» **DIRECTIONS**
Instruction for the entries below: return the part that opens with the line containing "Green and black" and closes with the line containing "二月七日,第九屆亞洲冬季運(yùn)動(dòng)會(h", exactly, and no pictures.

Records drawn from a dataset:
★ ★ ★ ★ ★ ★ ★

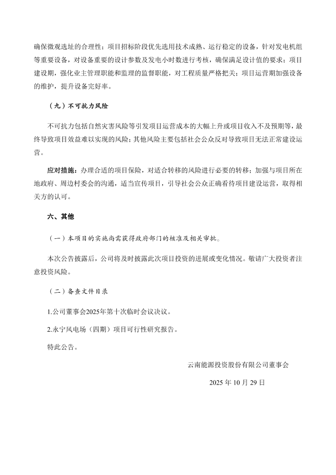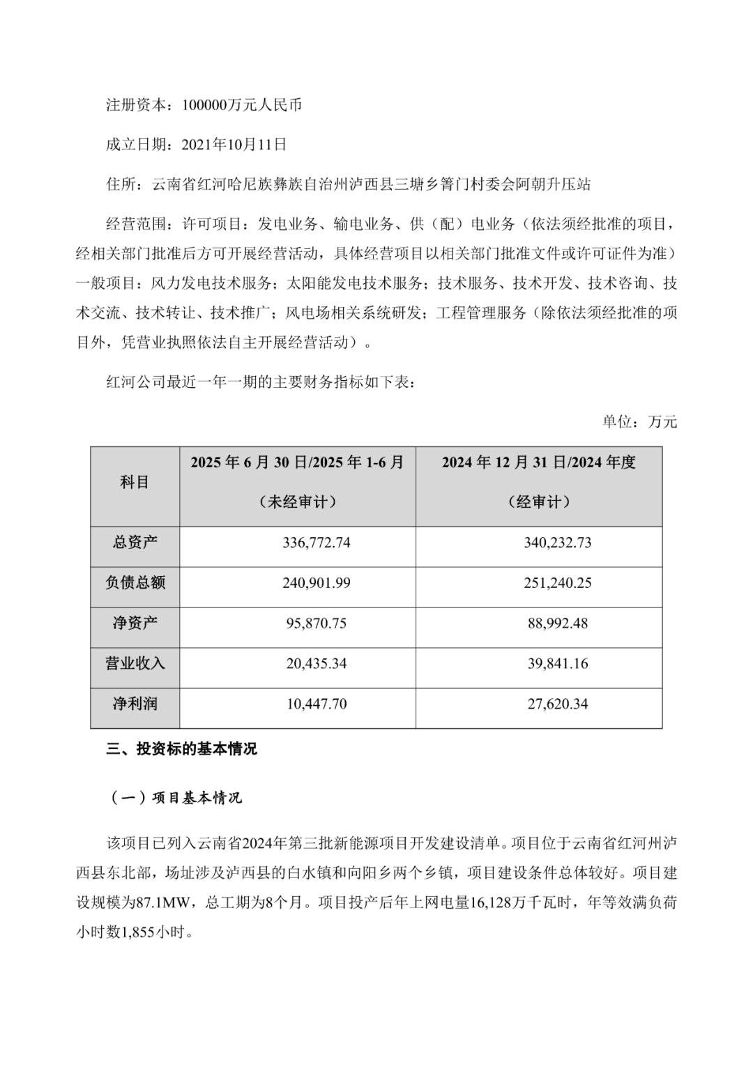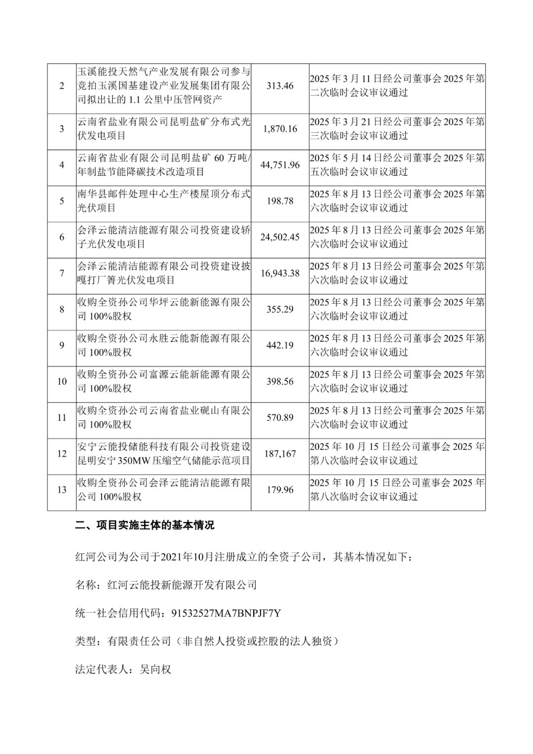 根据《关于红河云能投新能源开发有限公司投资建设永宁风电场(四期)项目的公告》,云南能投同意红河云能投新能源开发有限公司(以下简称“红河公司”)投资建设永宁风电场(四期)项目,项目装机容量87.1MW,项目总投资45,250.74万元(含流动资金261.30万元)。
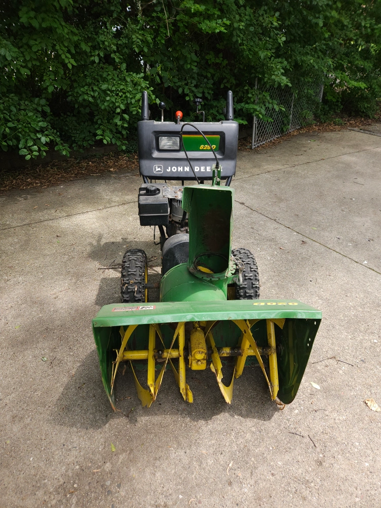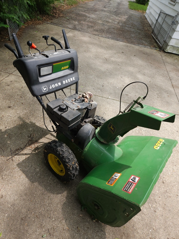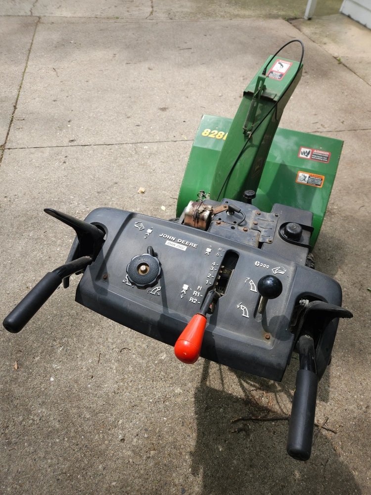 Green and black snowblower. Features a large chute. Controls with red and black levers and knobs. A great help during the winter months.
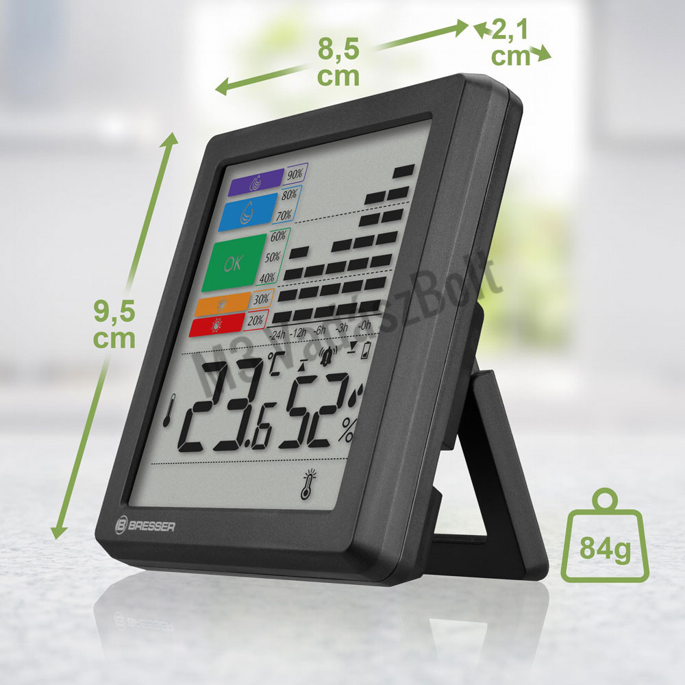 Mi az, ami a régi épületekben vagy a hideg hónapokban olykor megjelenik a pincében vagy lakótérben? Ez a penészgomba. A Bresser hőmérséklet- és páratartalom mérő készülék figyelmeztet, ha a penészesedés feltételei különösen kedvezővé válnak, így gyorsan és hatékonyan megteheted a szükséges intézkedéseket a környezetedben megjelenő penész eltüntetésére, sőt hatékonyan megelőzheted azt.
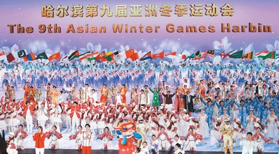 二月七日,第九屆亞洲冬季運(yùn)動(dòng)會(huì)開幕式在黑龍江省哈爾濱市舉行。圖為演員在開幕式上表演。
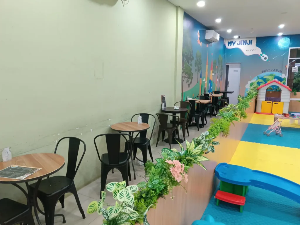 Ciamik yak My Jinji Playground & Cafe ini. Minimalis bagian kafenya, jadinya semisal orangtuanya lagi makan bisa sekalian melihat ke arah anaknya yang lagi berada di tempat bermain.
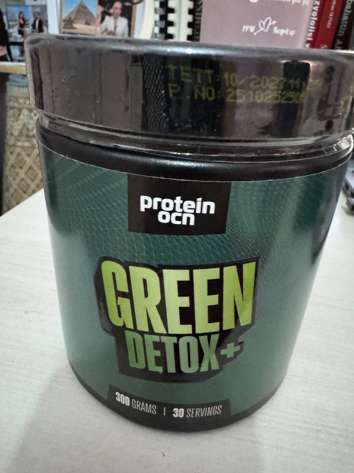 Protein OCN markalı parlak yeşil kaplı Green Detox tozu, 300 gram ve 30 porsiyon içerir. Sıfır jelatinli
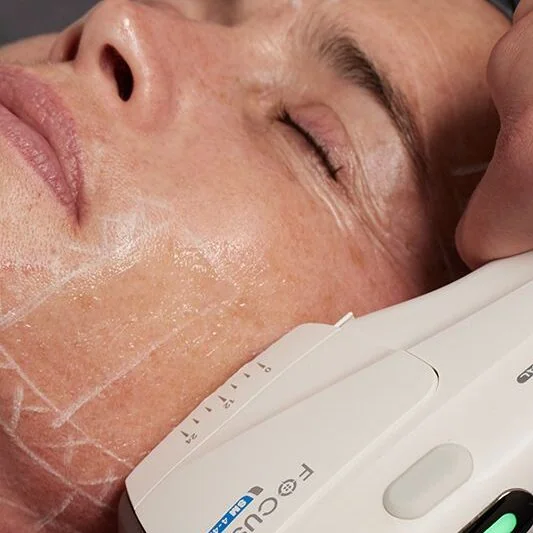 Focused ultrasound energy lifts and firms the skin over time.
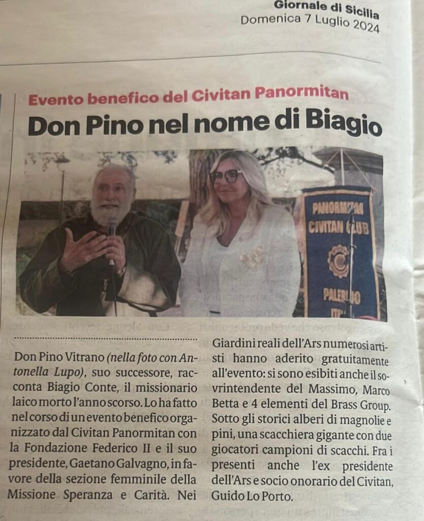 L’asd Palermo Scacchi è stata presente il 5 luglio all’evento Come è profondo il mare organizzato presso i Giardini Reali di Palazzo dei Normanni di Palermo, dal Civitan Club Panormitan, di concerto con la Fondazione Federico II, per sostenere Missione Speranza e Carità, Sezione Femminile di Fratel Biagio Conte.
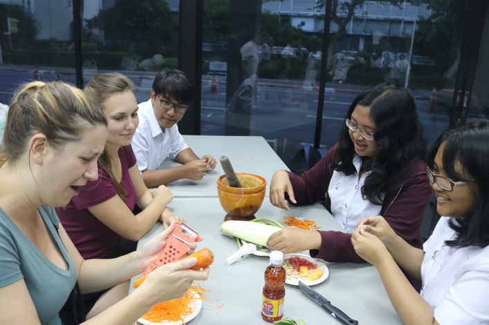 On 28 August, 4 September and 17 October, a Thai Classes offer basic and essential Thai words and phrases to exchange students. They could use the learning material to use it in their daily life in Bangkok or on their vacation. During the class, we have lots of teaching techniques and activities to make it not only easy,but also fun for them to learn Thai. Moreover, this year we provided them with an opportunity to make their own “Som Tum” ,which is our nation authentic dish. Furthermore, these class give a chances to both international and thai program student to be a “buddy” with exchanges and initiate a friendship along with foster a language development.
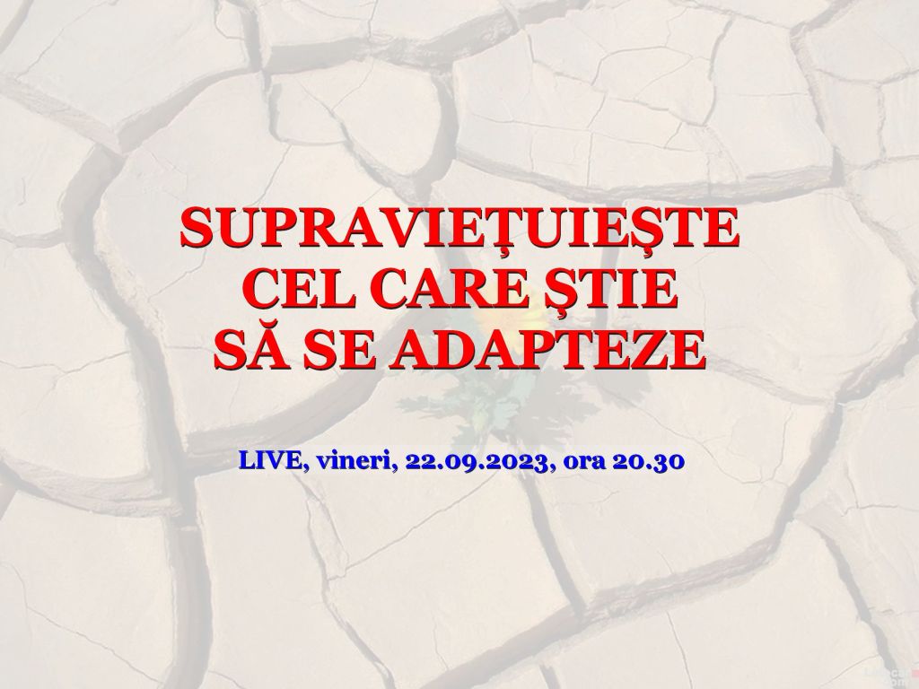 Doar cei care se adaptează în fiecare zi vor putea supraviețui și vor avea o viață normală. Dar pentru asta e nevoie ca, mai întâi, să aflăm că adaptarea este obligatorie, și cum putem să o facem.
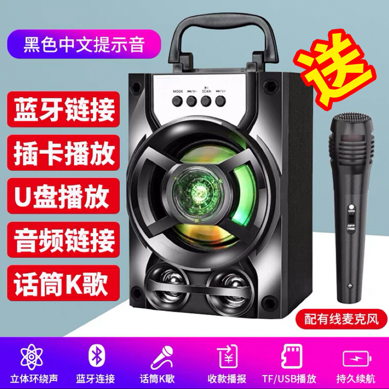 높은 음질 블루투스 사운드 큰 볼륨 노래 무거운 서브 우퍼 편리한 광장 댄스 휴대용 작은 소리 유선 마이크스토어 가기
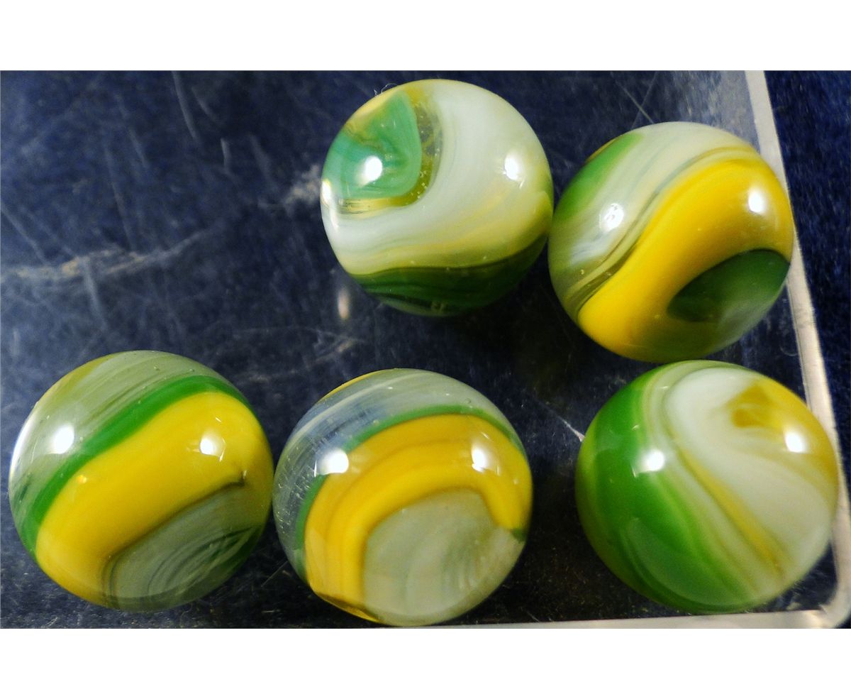 Marbles: Lot 26. 5 Green/Yellow Popeye Corkscrews. 5/8" to 21/32". Mint 9.7 to 9.8
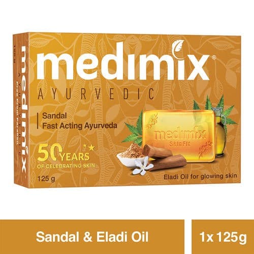 Soap Medimix Sandal ( Мыло Медимикс Сандал ) 125 гр - Мыло Сандал предназначено для очищения любой кожи лица, тела и рук, ее увлажнения, смягчения, питания. Оно произведено вручную на основе сандалового масла и многокомпонентного сбора целебных трав, оказывающего помощь при кожных проблемах. Мыло поддерживает природный цвет и здоровье кожи, обладает осветляющим действием – оно отбеливает участки потемневшей кожи, пигментные пятна.В его состав входят ним с его антибактериальными качествами, растительная смола гуггул, черный тмин, кедр, солодка, кумин, масло Элади (кардамона) и сандал, сохраняющий кожу чистой, молодой, упругой.Мыло обладает отличными потребительскими качествами: оно невероятно ароматное, сандалом начинает нежно пахнуть кожа, открытая пачка может даже ароматизировать помещение; мыло прекрасно пенится, при этом оно экономично и служит долго, доставляя радость пользователю.
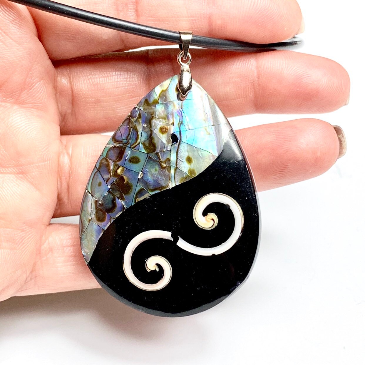 16" long, one of a kind, handmade with hard cable wire, 2x1.5 Tear Drop Abalone Shell and Mother of Pearls Pendant.
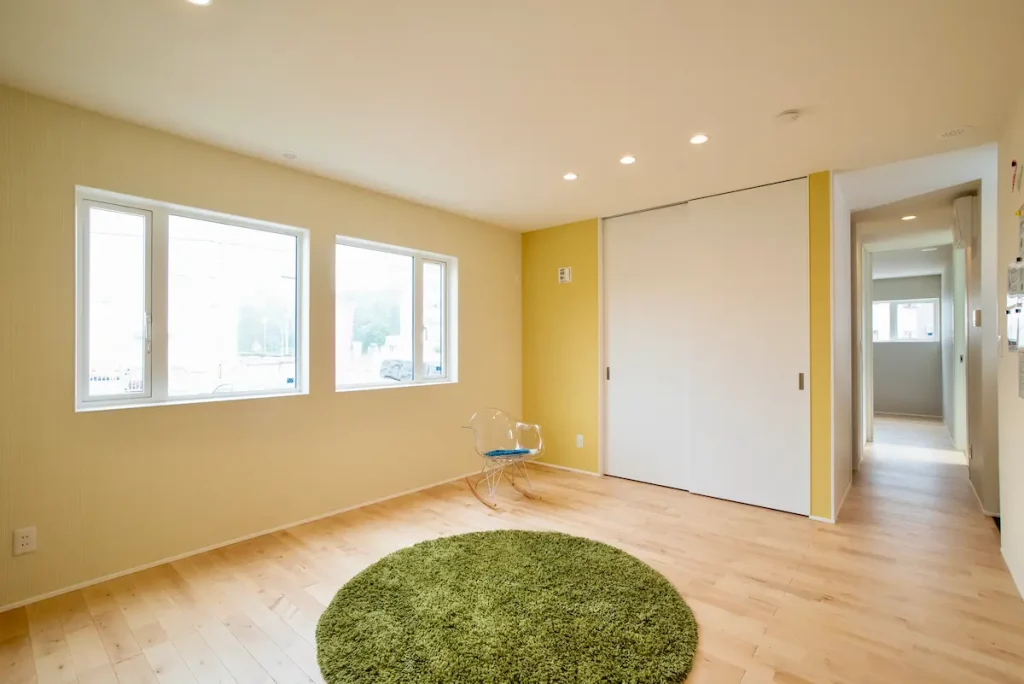 大きな窓から光を取り込み、広々とした床は遊び場やワークスペースなど多目的に使えます。
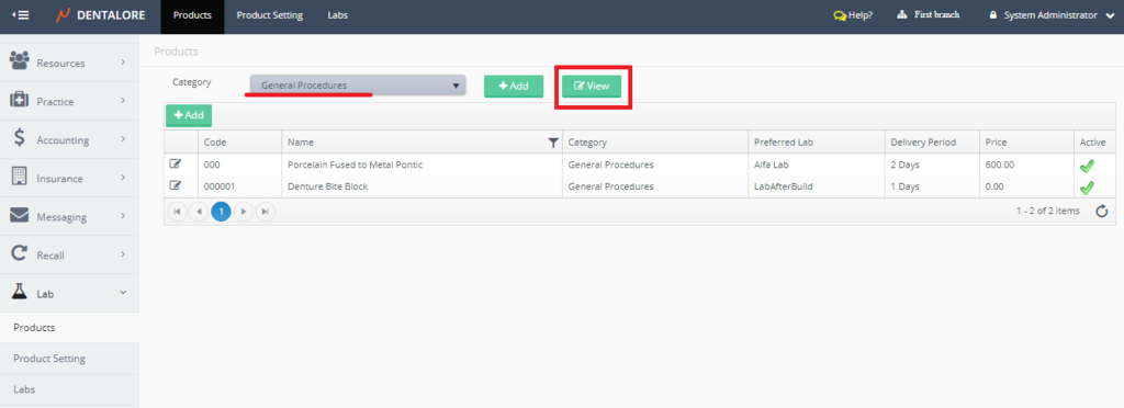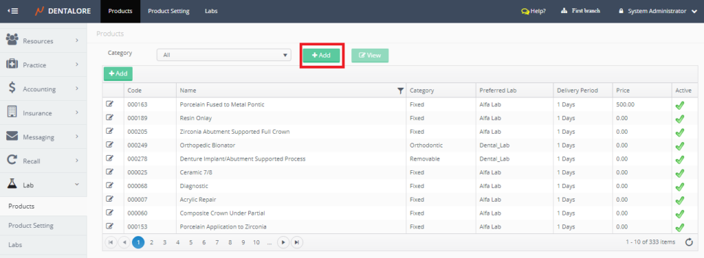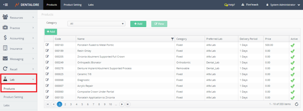 In Dentalore system you have the ability to organize the Lab products upon your need and classification, that you can add, edit and delete Product categories and products included in each category.
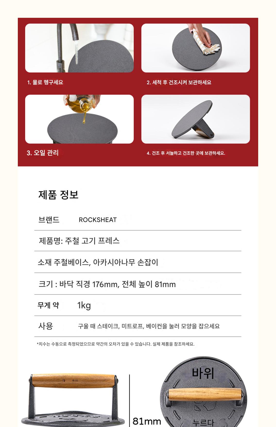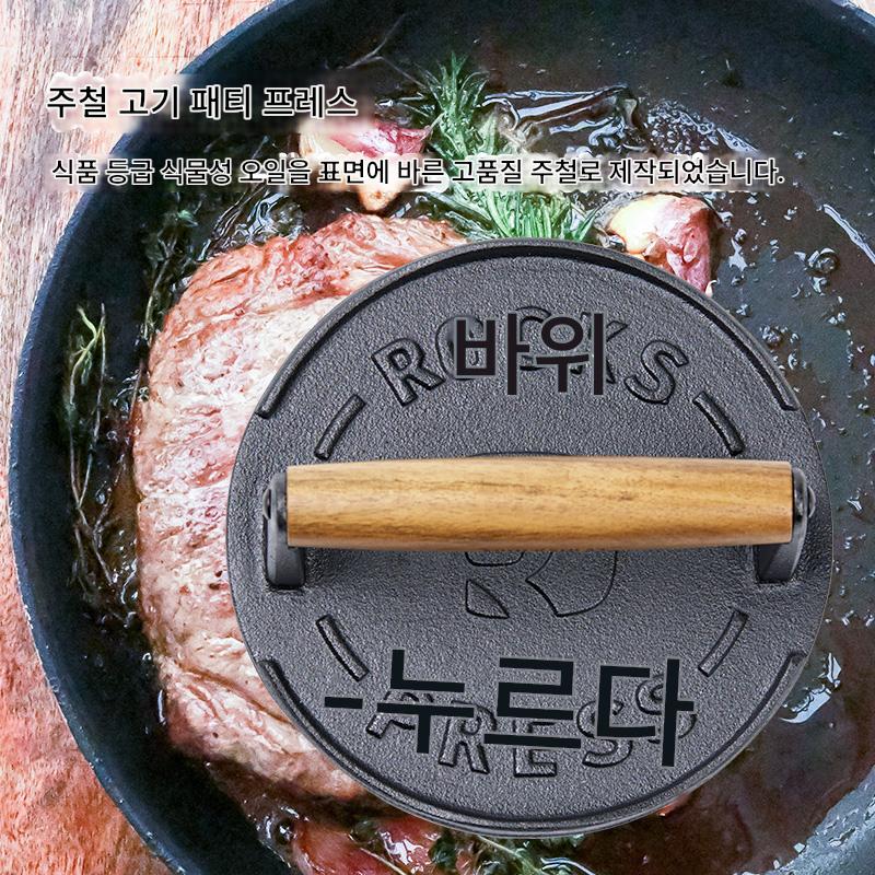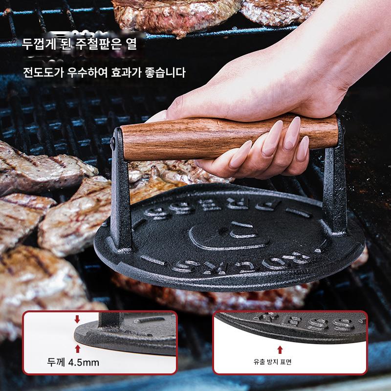 가정용 스테이크 고기 프레스 주철 바베큐 철판구이 케이크 프레스 햄버거 고기 패티 인공물 튀긴 고기 프레스 도구

★ ★ ★ ★ ★ ★ ★

» **EXERCISE ANSWER**
 Green and black snowblower. Features a large chute. Controls with red and black levers and knobs. A great help during the winter months.
 Mi az, ami a régi épületekben vagy a hideg hónapokban olykor megjelenik a pincében vagy lakótérben? Ez a penészgomba. A Bresser hőmérséklet- és páratartalom mérő készülék figyelmeztet, ha a penészesedés feltételei különösen kedvezővé válnak, így gyorsan és hatékonyan megteheted a szükséges intézkedéseket a környezetedben megjelenő penész eltüntetésére, sőt hatékonyan megelőzheted azt.
 二月七日,第九屆亞洲冬季運(yùn)動(dòng)會(huì)開幕式在黑龍江省哈爾濱市舉行。圖為演員在開幕式上表演。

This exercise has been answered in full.